Every record below should be repeated exactly. Omit the pictures.

======== Dataset ========

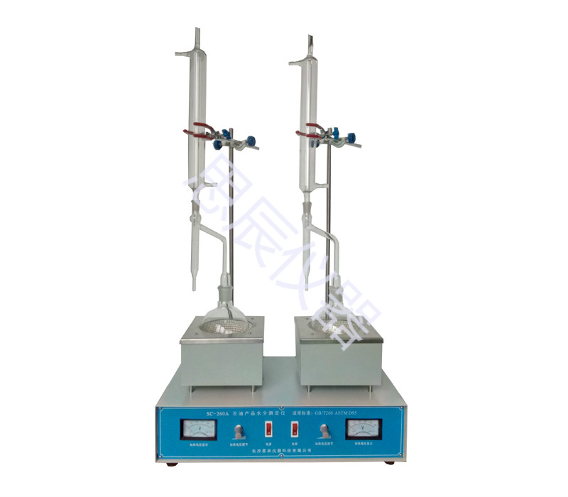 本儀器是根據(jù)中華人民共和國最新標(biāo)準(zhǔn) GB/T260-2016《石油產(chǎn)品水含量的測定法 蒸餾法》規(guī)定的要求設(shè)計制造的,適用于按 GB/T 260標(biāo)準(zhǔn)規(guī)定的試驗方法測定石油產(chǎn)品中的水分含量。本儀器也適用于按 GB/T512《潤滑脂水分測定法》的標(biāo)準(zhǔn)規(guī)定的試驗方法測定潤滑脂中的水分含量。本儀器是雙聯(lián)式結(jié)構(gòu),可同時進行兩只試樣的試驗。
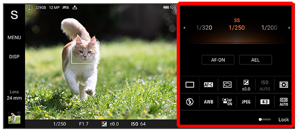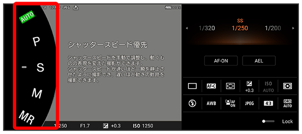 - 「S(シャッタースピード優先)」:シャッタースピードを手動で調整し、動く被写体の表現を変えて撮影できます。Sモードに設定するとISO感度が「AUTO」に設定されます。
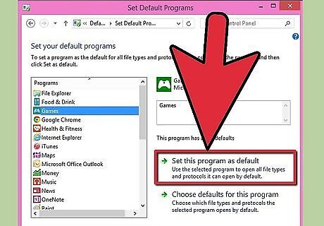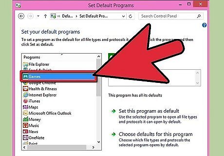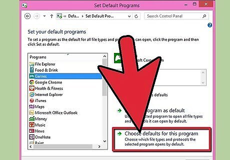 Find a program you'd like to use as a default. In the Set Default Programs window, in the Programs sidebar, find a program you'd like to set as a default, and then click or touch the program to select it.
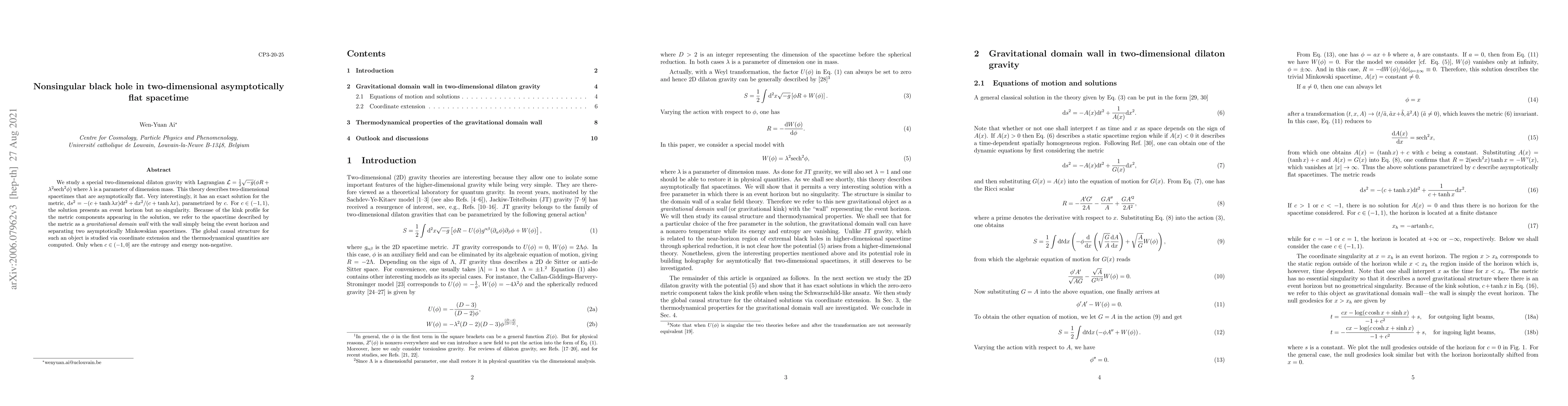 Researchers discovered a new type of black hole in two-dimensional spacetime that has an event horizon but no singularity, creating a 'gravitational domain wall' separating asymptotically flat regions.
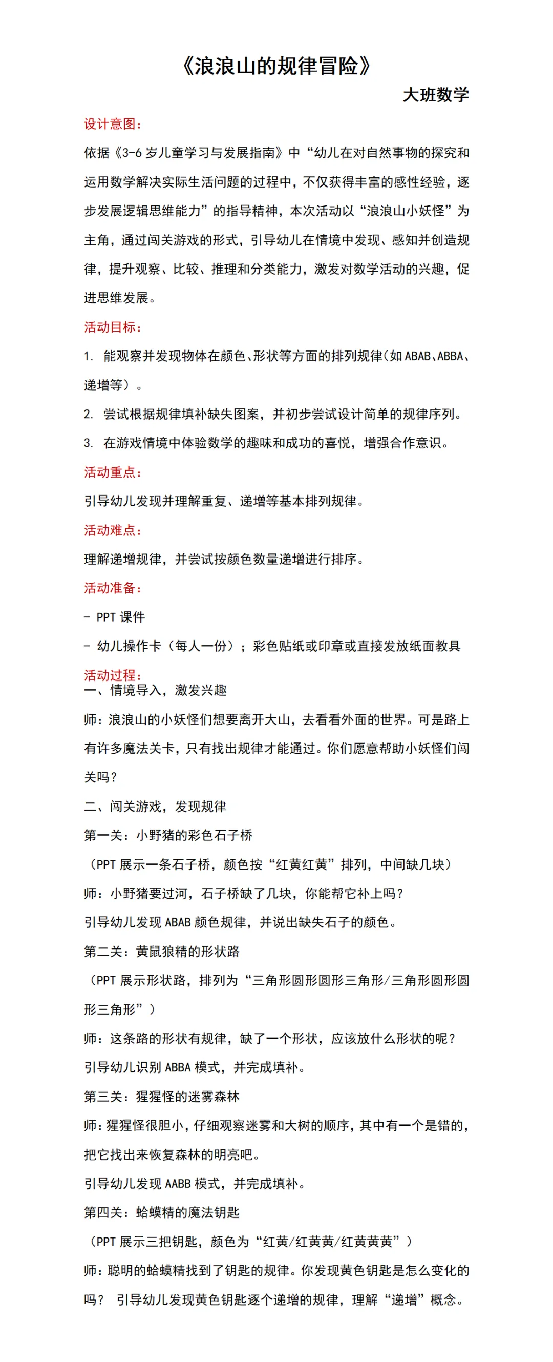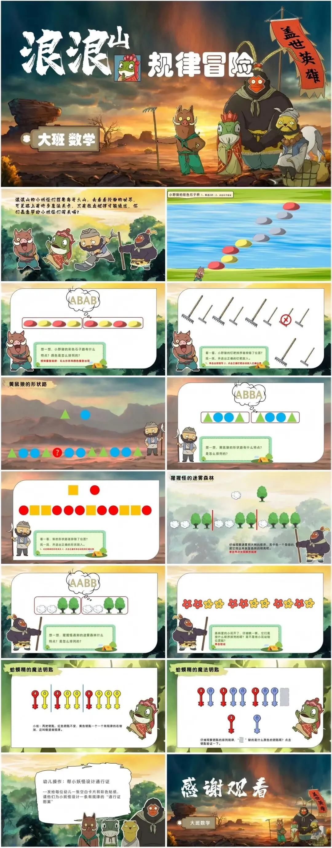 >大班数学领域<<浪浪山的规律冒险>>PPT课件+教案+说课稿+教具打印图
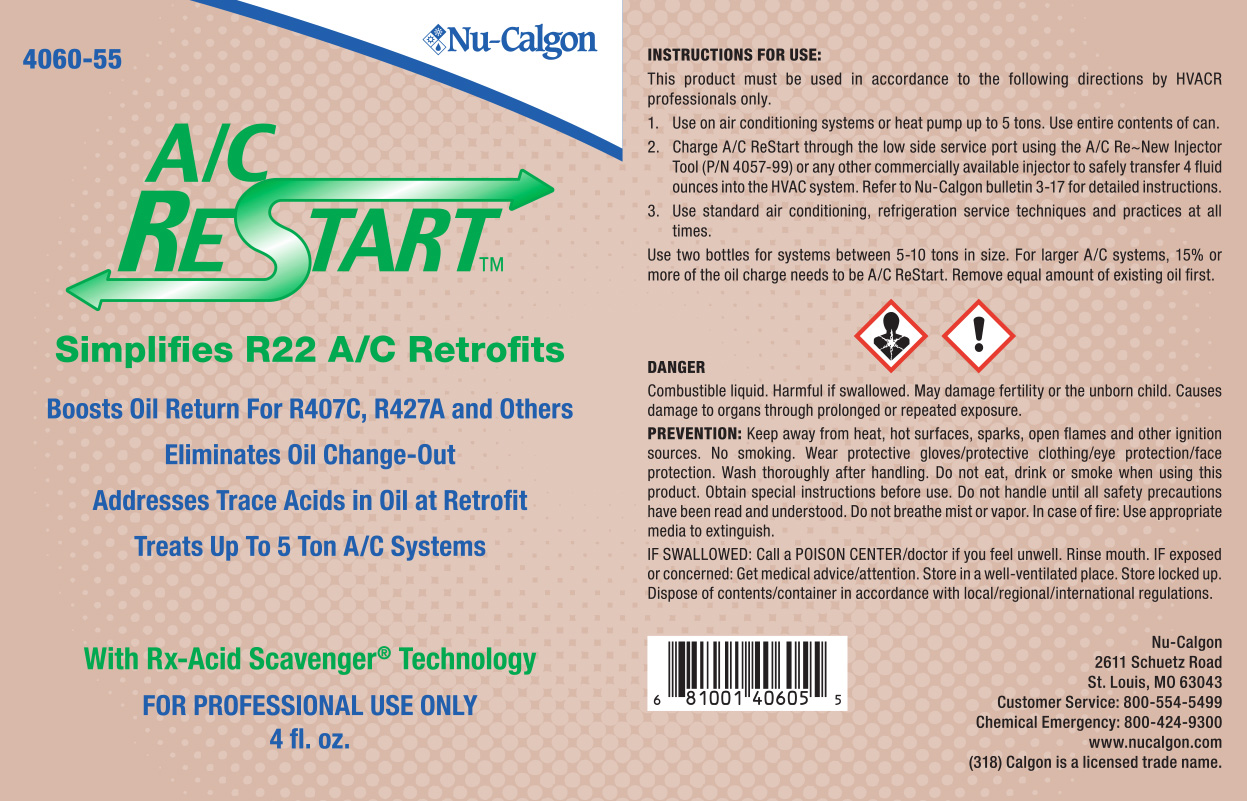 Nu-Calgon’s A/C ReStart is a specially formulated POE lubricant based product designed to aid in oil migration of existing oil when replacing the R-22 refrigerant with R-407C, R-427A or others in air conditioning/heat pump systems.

========

*Result*:
 本儀器是根據(jù)中華人民共和國最新標(biāo)準(zhǔn) GB/T260-2016《石油產(chǎn)品水含量的測定法 蒸餾法》規(guī)定的要求設(shè)計制造的,適用于按 GB/T 260標(biāo)準(zhǔn)規(guī)定的試驗方法測定石油產(chǎn)品中的水分含量。本儀器也適用于按 GB/T512《潤滑脂水分測定法》的標(biāo)準(zhǔn)規(guī)定的試驗方法測定潤滑脂中的水分含量。本儀器是雙聯(lián)式結(jié)構(gòu),可同時進行兩只試樣的試驗。
 - 「S(シャッタースピード優先)」:シャッタースピードを手動で調整し、動く被写体の表現を変えて撮影できます。Sモードに設定するとISO感度が「AUTO」に設定されます。
 Find a program you'd like to use as a default. In the Set Default Programs window, in the Programs sidebar, find a program you'd like to set as a default, and then click or touch the program to select it.
 Researchers discovered a new type of black hole in two-dimensional spacetime that has an event horizon but no singularity, creating a 'gravitational domain wall' separating asymptotically flat regions.
 >大班数学领域<<浪浪山的规律冒险>>PPT课件+教案+说课稿+教具打印图
 Nu-Calgon’s A/C ReStart is a specially formulated POE lubricant based product designed to aid in oil migration of existing oil when replacing the R-22 refrigerant with R-407C, R-427A or others in air conditioning/heat pump systems.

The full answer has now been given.